Relationships In Recovery: Is That A Good Idea

The path to recovery from addiction has various problems. The first, obviously, is trying to kick whatever habit it was you had, and another big one involves trying to repair relationships damaged due to your addiction.

Addicts can be the nicest, most caring people at times. They are our friends, spouses and children, and we have tried to love them throughout their period of addiction. But when an addict has lied, stolen, cheated, lost his job, disrupted another’s way of life or been violent or abusive, sometimes repairing those relationships is extremely difficult. Being an addict, or ex-addict, you will find yourself constantly apologizing – even for actions you were not aware of. Some addicts may hear what they did whilst addicted and become so totally ashamed and embarrassed, their only recourse is to slip back into addiction – they can’t deal with the guilt inside themselves. The longer they have been an addict and the older they get, the worse their isolation and negative outlook on life can become.


The other side of that is one gets sick of one’s behavior after repeating it a lot. A crisis develops inside where one just doesn’t want to live in lies and manipulations.

Should you be in a relationship when in recovery? In many cases the answer is yes. The marriage vows state quite clearly “in sickness and in health” and addiction is a form of ill health. If a spouse has cared for an addict throughout the period of addiction and been a part of getting the addict some kind of counseling or help, then that relationship is something to encourage the addict, and keep him in a positive mindset. Looking forward to seeing your children again, for example, can be a serious reason to kick an addiction and progress along the road to recovery.

On the other hand, if all friends and relations of the addict abandon him during his recovery, it can give the recovering addict more reasons to blame himself, and have feelings of loneliness, despair and depression – this can lead one to fall into self-pity and possibly relapse.

The process of recovery must start with the addict admitting that he is an addict. Most people are aware of what happens at AA meetings. One of the largest hurdles that alcoholics face is simply saying, “Hello, my name is … and I’m an alcoholic.” But by saying those few words, it brings home the truth, and these words must be repeated often. Many advise not to jump into a relationship with another member of AA or NA. Work on yourself and talk to your sponsor. Down the road, consider a relationship once you are more healed.

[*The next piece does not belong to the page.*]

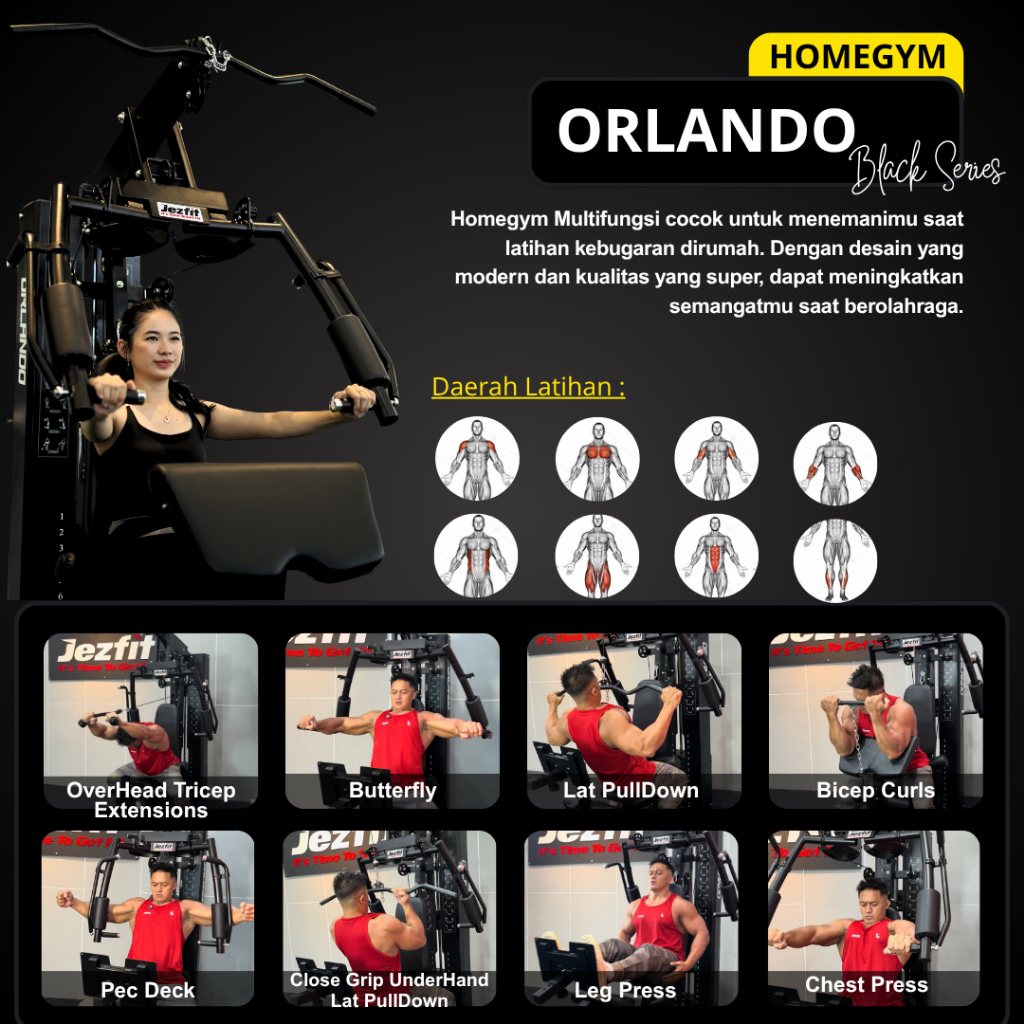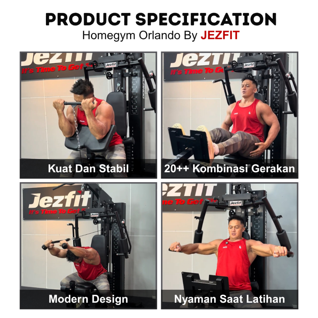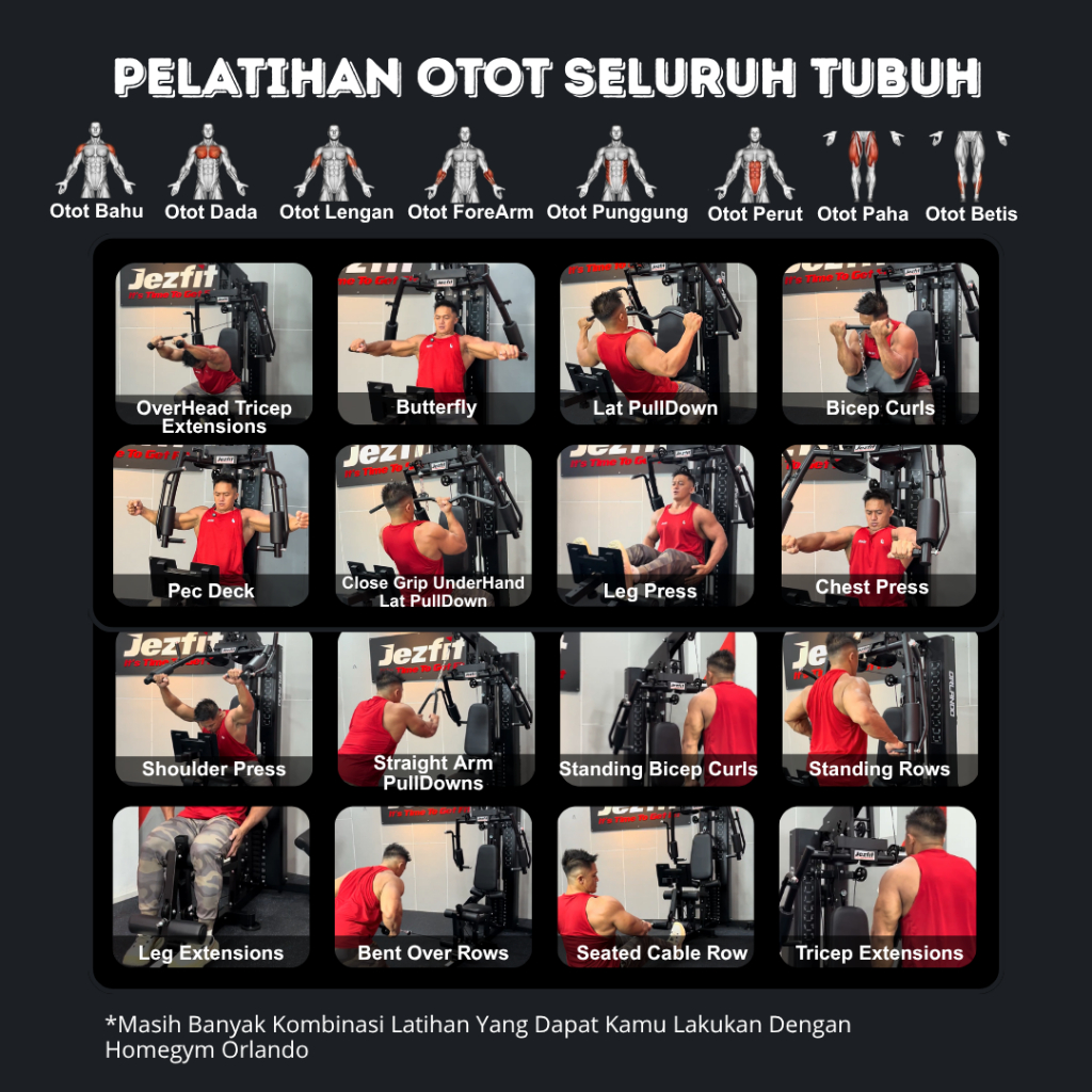 Jezfit - Alat Fitness Homegym Orlando 165LBS (75KG) Homegym 1 Sisi Weight With 14 Stack Plate Include 38 Varian Gerakan Body Workout

If you are in a relationship with another addict then no, that relationship should end. One rule that should be applied to your life while in recovery is not to associate with anybody who was within the circle of addiction. The dealers, the enablers, the other addicts and people involved with your addiction, and the places you used to go, to should never be revisited, it will only bring temptation and that temptation will probably occur when you are depressed or feeling lonely. Remove yourself from everyone except people who love you, outside of your old bad habit. If you’re a recovering nicotine addict, don’t stand outside with the smokers. If you’re a recovering alcoholic, don’t go to the bars you frequented or drive past your favorite liquor store – find a different path home. It is similar to the way a person who is trying to diet would not bring ice cream and sweets into their home. Why set yourself up for falling into temptations?

True friends – and that should hopefully include your spouse will support you through your recovery, give you a shoulder to cry on and a hug when you need it. Love can conquer all.